Open vinay-cldscle opened 2 weeks ago
Hi @vinay-cldscle, have you lookied into the BatchAnalyzerEngine
option?
Hi @omri374 Yes, i tried using the BatchAnalyzerEngine for txt files but it not working. analyzer_engine = AnalyzerEngine() analyzer = BatchAnalyzerEngine(analyzer_engine=analyzer_engine)
error: results = analyzer.analyze(texts=text_chunks, language="en", return_decision_process=True) ^^^^^^^^^^^^^^^^ AttributeError: 'BatchAnalyzerEngine' object has no attribute 'analyze'
Batch analyzer works only for list and dict?
Please see the python API reference here: https://microsoft.github.io/presidio/api/analyzer_python/#presidio_analyzer.BatchAnalyzerEngine.analyze_iterator
your text_chunks
should be iterable (such as List[str]
) and then you could call batch_analyzer.analyze_iter(text_cunks,...)

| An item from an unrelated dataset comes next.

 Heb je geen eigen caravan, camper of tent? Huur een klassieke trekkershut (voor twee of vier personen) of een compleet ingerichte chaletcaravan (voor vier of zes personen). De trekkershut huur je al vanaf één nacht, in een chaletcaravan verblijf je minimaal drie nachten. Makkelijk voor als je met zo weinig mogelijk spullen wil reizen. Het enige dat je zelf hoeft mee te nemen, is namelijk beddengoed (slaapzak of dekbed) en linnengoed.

Hey team, When I tried to scan a file that is 7 MB and contains more than 700,000 lines, I passed the data in chunks(chunks size is 100000). It takes about 7 to 10 minutes to complete execution. Is this normal behavior? Can we reduce the execution time? Does batch analysis support TXT files? I would like to complete the execution within 1 minute. Is that possible?